Nonprofit organizations don’t expect foundations to solve all their problems, but they believe foundations could be a lot more helpful in certain critical areas, according to a survey by the Center for Effective Philanthropy.
CEP surveyed 121 nonprofit leaders, members of the organization’s Grantee Voice panel, whose goal is to help foundations and nonprofits to work together productively. These executive directors, presidents and CEOs represented organizations with between $100,000 and $100 million in expenses, and received some funding from foundations that give at least $5 million annually.
The survey found that just 52% of nonprofits’ leaders believed their foundation funders were aware of the challenges their organizations faced.

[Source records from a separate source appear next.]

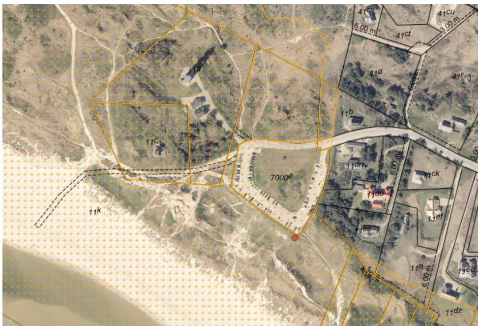
Figur 1. Ortofoto 2025. Den røde prik markerer matrikel 11k Vandflod By, Oksby samt den ca. placering af hjørnereflektoren. Det klitfredede areal er markeret med orange signatur. De sorte streger markerer de vejledende matrikelskel.

Der er ansøgt om opsætning af en hjørnereflektor på ovennævnte matrikel inden for klitfredningslinjen, se figur 1.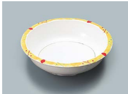
MS-342 FYA(ふる里) 丸深皿 160 × 40 ・ 380ml ¥1,110 P-202 ¥380 → P.303 P-203 ¥400 → P.303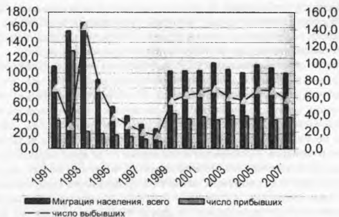
Рис. 1. Динамика изменения миграционной подвижности населения Кыргызской Республики за 1991-2007 годы, тыс.человек (по данным Нацстаткома)

территорию Кыргызской Республики является Российская Федерация и Республика Казахстан.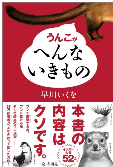
↑ 『うんこがへんないきもの』表紙

【書名】 うんこがへんないきもの 【著者】 早川いくを 【イラスト】 寺西 晃 【判型】 四六判 【ページ数】 242ページ 【定価】 本体1,430円＋税 【ISBN】 978-4-04-886442-8 【発行】 株式会社KADOKAWA 【プロデュース】 アスキー・メディアワークス 【書店発売日】 2014年12月5日（金）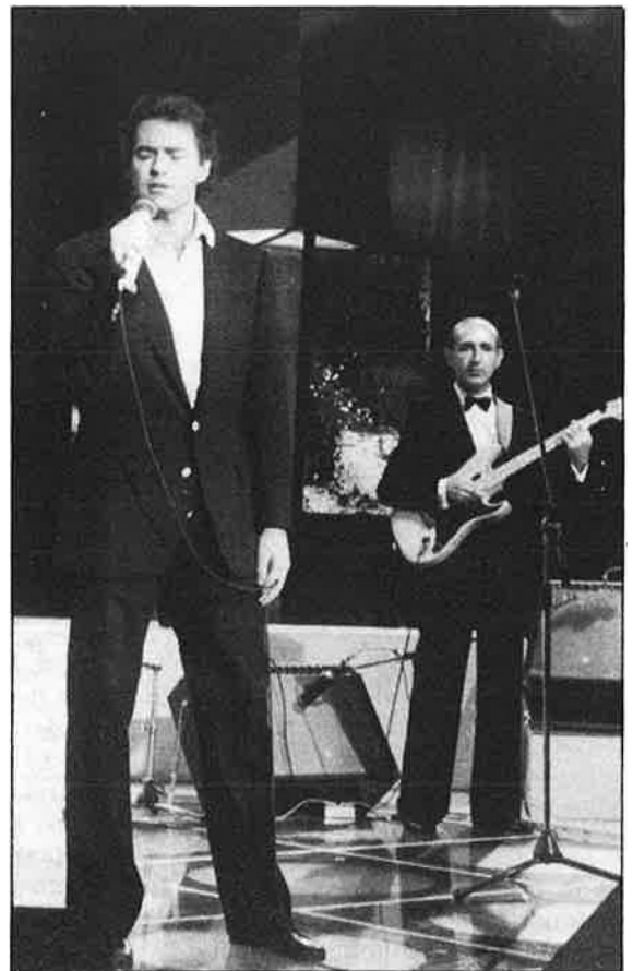
Bertín Osborne, famós i televisiu.

els ajuntaments contracten. Són els més melòdics, els més «moderns», els més autèntics. Són els que han pres el relleu a la Lola , en altres temps faroana i ara capficada a justificar fraus a hisenda, i al Manolo del porom-pom-pom. Entre tot això, una mica, només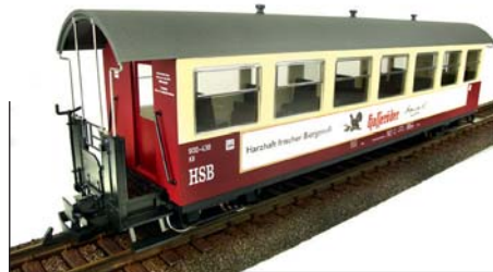
HSB Personenwagen 900-438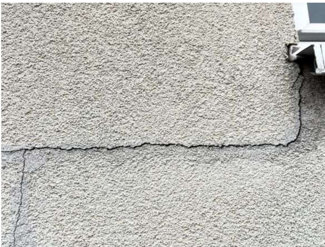
Fot. 8 Zaplecze sali sportowej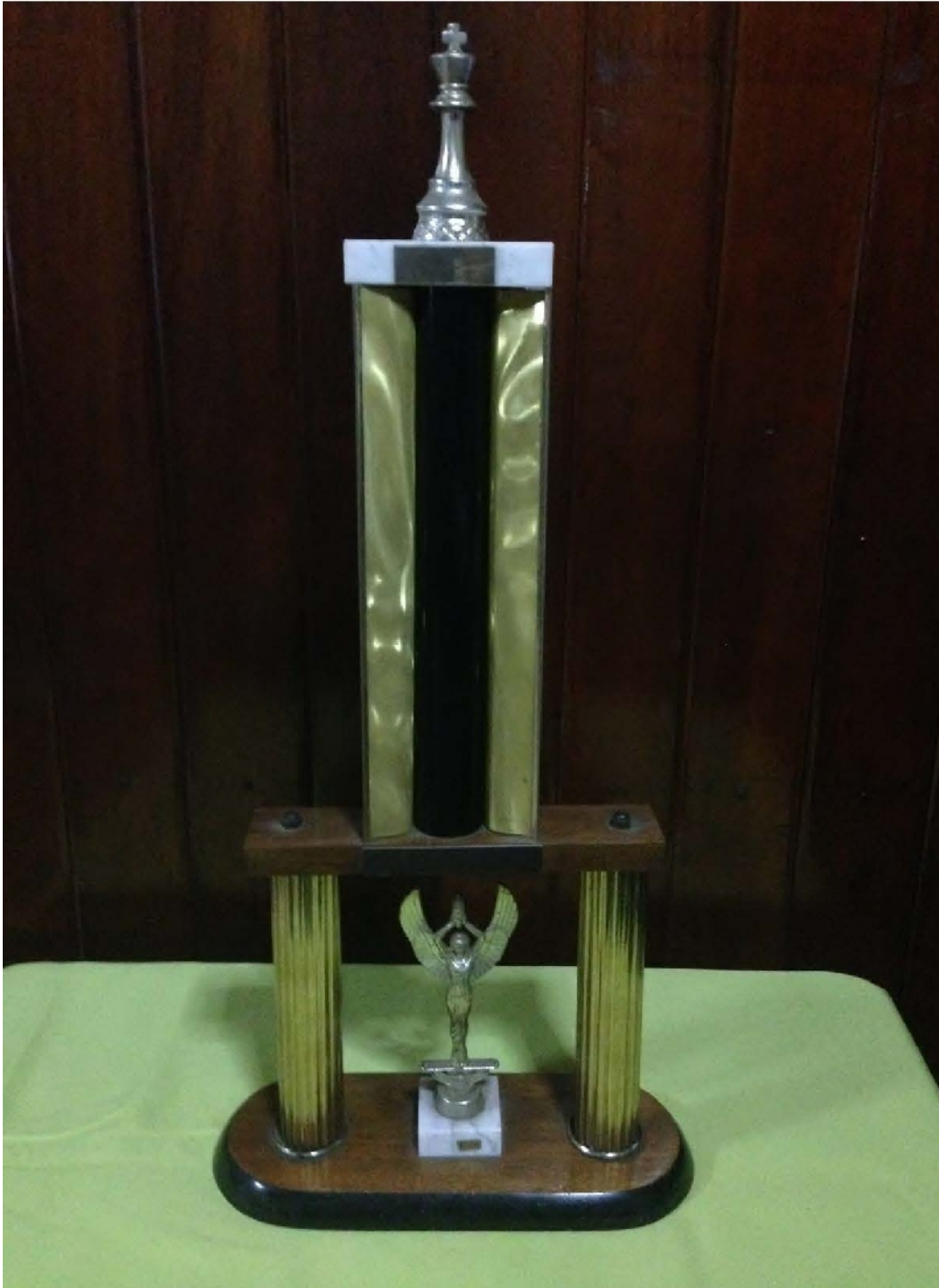
Campeón de Centroamérica y El Caribe. Managua, Nicaragua, 1965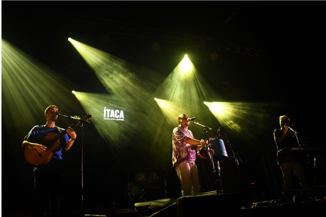
Stay Homas a l'Escala (Festival Ítaca) | Robert Carmona

El festival empordanès ha tancat aquest cap de setmana la novena edició | Des de l'abril, i malgrat la pandèmia, el cicle ha acollit més de deu mil espectadors entre els 25 concerts programats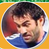
ГЕОРГИОС КАРАГУНИС 32 года, «Панатинаикос»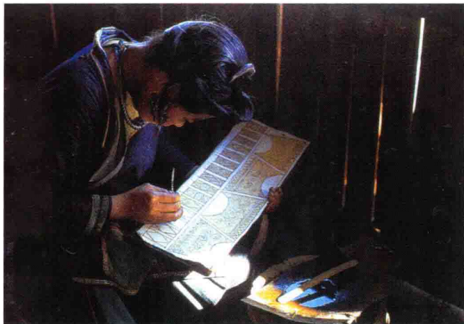
图1-5 中国贵州苗族绘蜡女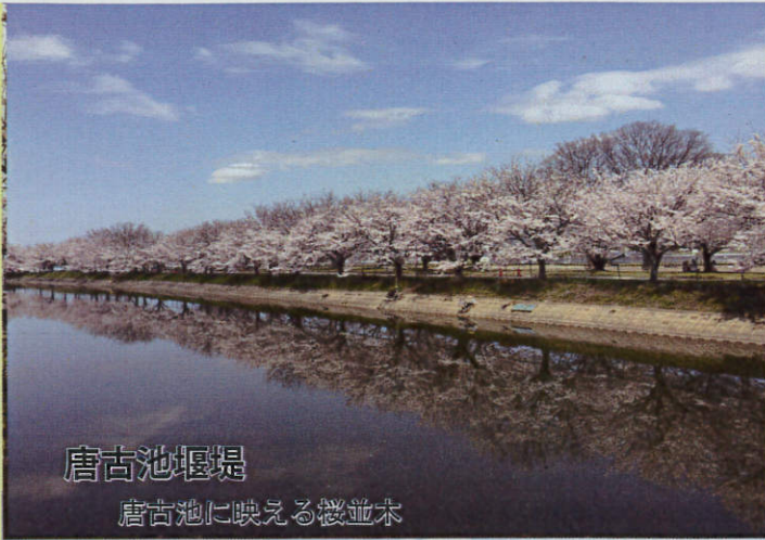
唐古池堰堤 唐古池に映える桜並木

Even fewer respondents thought foundation funders were as helpful as they could be. Only 31% believed foundations deployed their myriad resources to help them address their challenges, and 36% thought foundations shared knowledge about what similar grantees were doing to meet challenges.

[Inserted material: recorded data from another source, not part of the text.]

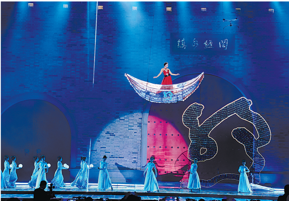
启动仪式上的歌舞表演《一路同心》

由同名小说改编的电影《沙漏》,以福州为主要拍摄取景地。启动仪式的剧组推介环节,当这部电影的演员黄明昊发言时,现场响起一片热烈的掌声。“我在这部电影中的角色,内心世界比较复杂,与以往的角色有很大不同。希望大家到电影院支持这部电影。”黄明昊说。 著名演员邵兵参演的《你是我的英雄》,同样参加了剧组推介环节。这部电影主要讲述福建省登山协会山地救援队的故事,剧本创作和拍摄都在福州完成。“为了表现山地救援队的经历,我们付出了很多,希望大家喜欢。”邵兵说。 丝路电影节举办十年来,福建电影艺术创作和电影产业发展都取得了长足进步,取得历史最好成绩。近年来,福建电影创作推出了《古田军号》《中国乒乓之绝地反击》等一批兼具社会效益和经济效益的精品力作,参与出品的《我和我的祖国》《我和我的父辈》荣获第十六届“五个一工程”特别奖等奖项。 截至今年8月底,全省现有电影院406家,电影银幕2351块、座位318338个,人均银幕数、座位数居全国前列。今年暑期档,福建电影票房首次突破7亿元,观影场次首次突破100万达到107万场,观影人次1742.35万人次,是福建电影史上最好的暑期档。 在启动仪式的“丝路十年 有福电影”十周年成果发布环节,《守岛人》主演黄明昊发言时,现场响起一片热烈的掌声。“我在这部电影中的角色,内心世界比较复杂,与以往的角色有很大不同。希望大家到电影院支持这部电影。”黄明昊说。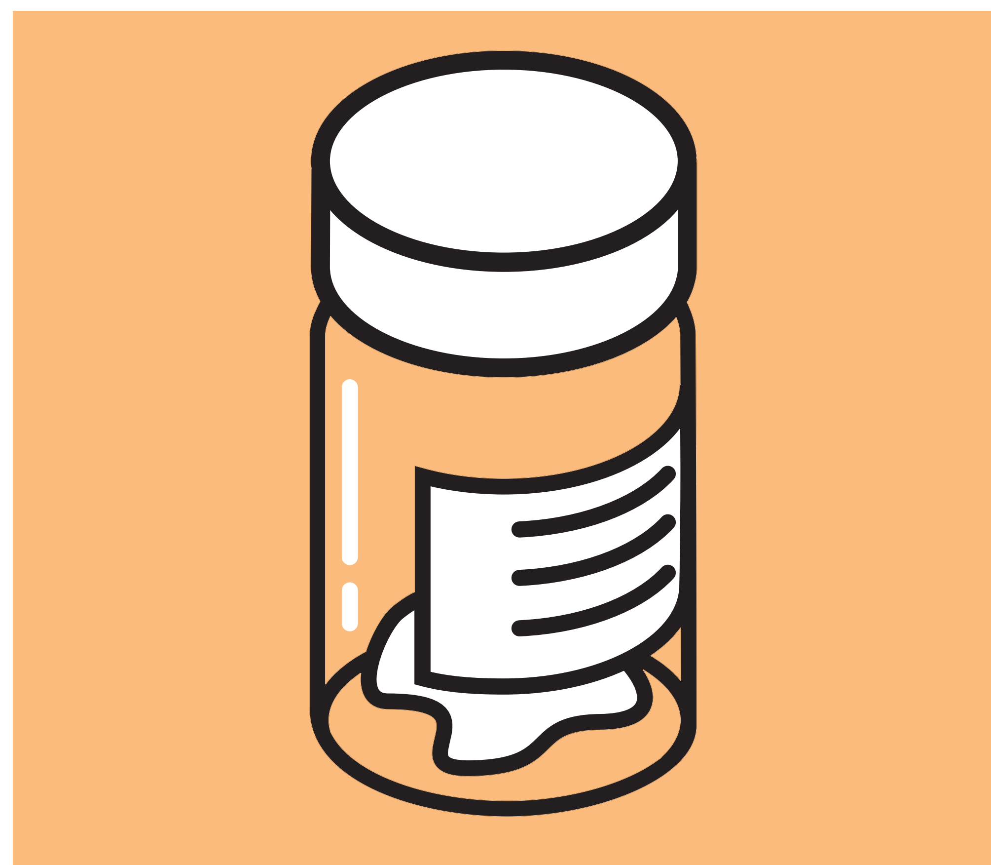
De juiste patiëntenmaterialen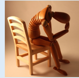
4. Emarginazione, Solitudine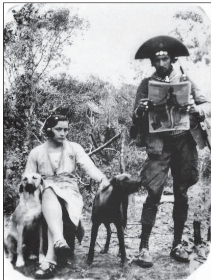
A hírhedt bandavezér, Lampião, és méltó társa, Maria Bonita

túlkapasaitól, amelyek egyáltalán nem voltak ritkák ebben a térségben. Persze ezt a hivatalos szervek is jól tudták, ezért a helyi lakosok állandóan ki voltak téve a hatóság zaklatásának. A korszakkal kapcsolatos kutatások eredményei azt bizonyítják, hogy a betyárok olykor kegyetlen és kíméletlen akciói ellenére a helyi lakosság többszörösen szenvedett a saját hivatalos szerveinek túlkapasaitól, mint a rablócsapatok akcióitól. Itt bukkannak fel először a későbbi legendák csírái. A rablóbandákat és azok vezetőit jól ismerték egész Északkelet-Brazíliában, és különösen azok körében, akiket nem érintett közvetlenül jelenlétük, illetve tevékenységük, népszerűek voltak. Ezt kihasználva, a legfelsőbb politikai vezetésben is akadt hathatós támogatójuk, hiszen ezzel elérték a szimpatizánsok rokonszenvét, illetve azok szavazatait.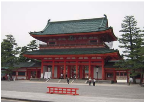
平安神宮・応天門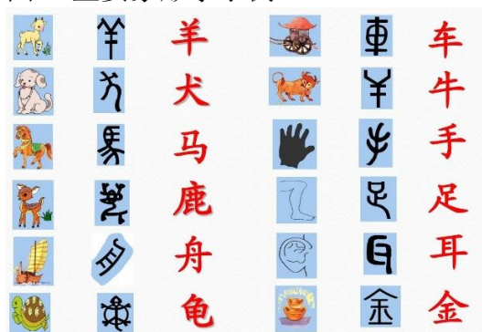
图2. 主要象形字示例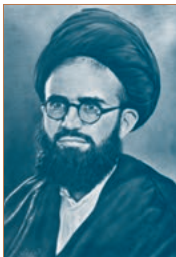
شهید آیت‌الله سعیدی

اقدامات سرکوبگرانه ساواک تنها محدود به گروه‌ها و افرادی که مبارزه مسلحانه می‌کردند، نبود. بلکه بسیاری از مبارزان دیگر نیز حبس و شکنجه شدند و تعدادی از آنها مانند آیت‌الله سعیدی و آیت‌الله غفاری در زندان و تحت شکنجه به شهادت رسیدند و بسیاری نیز تا پیروزی انقلاب اسلامی در زندان بودند.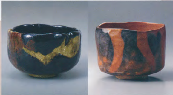
13代樂惺入 黒楽茶碗 銘 八千代 (公財)樂美術館蔵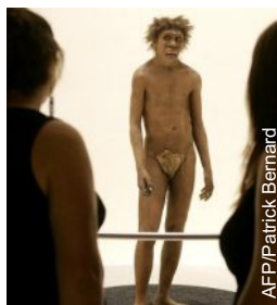
Estátua de Neandertal

Os cientistas já sabiam que cerca de 4% do DNA do neandertal e até 6% do DNA do hominídeo de Denisova estão presentes em alguns humanos.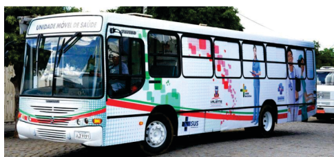
Recuperação do ônibus odontomédico com recursos próprios.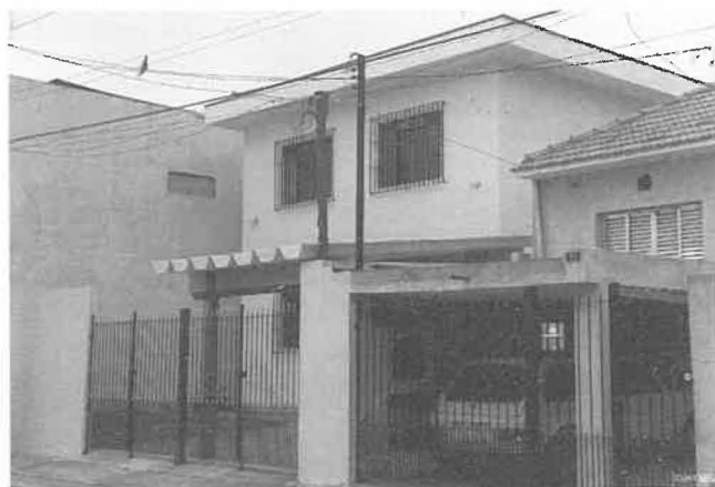
A Casa de Teologia no Jardim Planalto.

A Província está muito comprometida com as prioridades da Igreja da América Latina, centradas na Teologia da Libertação e Opção preferencial pelos Pobres. Desenvolve uma grande atividade no campo da pastoral religiosa e litúrgica e na conscientização para a Justiça e Paz, nas Comunidades de Base, onde se pode criar um maior contato inter-pessoal do que nos grandes grupos paroquiais. A formação de líderes é essencial e, dentro da Congregação, a preparação dos Irmãos é feita no aspeto pastoral e profissional, de modo a poderem trabalhar

Nonprofits are looking for specific kinds of assistance. Eighty percent of nonprofit leaders said their organizations needed help to meet demand for their services.

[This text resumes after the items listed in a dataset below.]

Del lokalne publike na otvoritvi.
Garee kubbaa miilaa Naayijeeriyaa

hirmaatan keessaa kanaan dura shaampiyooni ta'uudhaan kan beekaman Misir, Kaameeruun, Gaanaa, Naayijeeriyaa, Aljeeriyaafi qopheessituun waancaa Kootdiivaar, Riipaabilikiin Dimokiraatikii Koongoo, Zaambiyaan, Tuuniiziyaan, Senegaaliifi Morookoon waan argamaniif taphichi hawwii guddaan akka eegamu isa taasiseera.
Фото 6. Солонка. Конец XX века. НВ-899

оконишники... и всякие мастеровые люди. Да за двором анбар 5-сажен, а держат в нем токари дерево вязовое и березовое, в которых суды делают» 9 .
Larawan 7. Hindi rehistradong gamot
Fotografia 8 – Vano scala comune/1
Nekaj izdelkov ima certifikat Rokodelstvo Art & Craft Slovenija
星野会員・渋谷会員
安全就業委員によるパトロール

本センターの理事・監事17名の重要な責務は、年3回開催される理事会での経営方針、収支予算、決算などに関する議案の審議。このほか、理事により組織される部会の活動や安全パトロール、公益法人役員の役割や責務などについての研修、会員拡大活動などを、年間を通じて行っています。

Indeed, the inability of many groups to meet growing demand for services has been has increased since the onset of the recession. The Nonprofit Finance Fund’s annual survey found that 52% of nonprofits could not meet demands for services in 2012, up from 44% in 2009.
Two-thirds of the 77% of nonprofit leader respondents who found use of technology to increase effectiveness a challenge wanted more help from their foundation funders.
Nonprofit leaders also felt foundations could step in to help them bolster their leadership skills. Seventy-three percent complained about lack of sufficient resources and opportunities to develop their leadership skills.
CEP said this was not an issue only for those leaders new to their roles. More than 40% of respondents reported they had been in their positions for 10 years or longer.
Pressure on nonprofits to grow or develop earned revenue has increased in recent years as government funding has been cut and competition has intensified.
Some nonprofits, for example, receive government funding to provide essential social services, such as housing or education. Others focus on local problems that government alone can’t address, with funding coming from individual or corporate donations and special events.
Eighty-five percent of nonprofit leaders for whose organizations earned revenue was important found this challenging. And the majority found it difficult to increase their earned revenue.
A number of respondents didn’t think foundations could help in this area, but the majority was seeking foundation help.
Nonprofit leaders said the hardest money to raise was that from foundations. Ninety percent of respondents found this challenging, and 72% said it was extremely challenging.
Similarly, 95% found securing both multiyear funding and general operating or unrestricted funds difficult, and about two-thirds said it was extremely hard.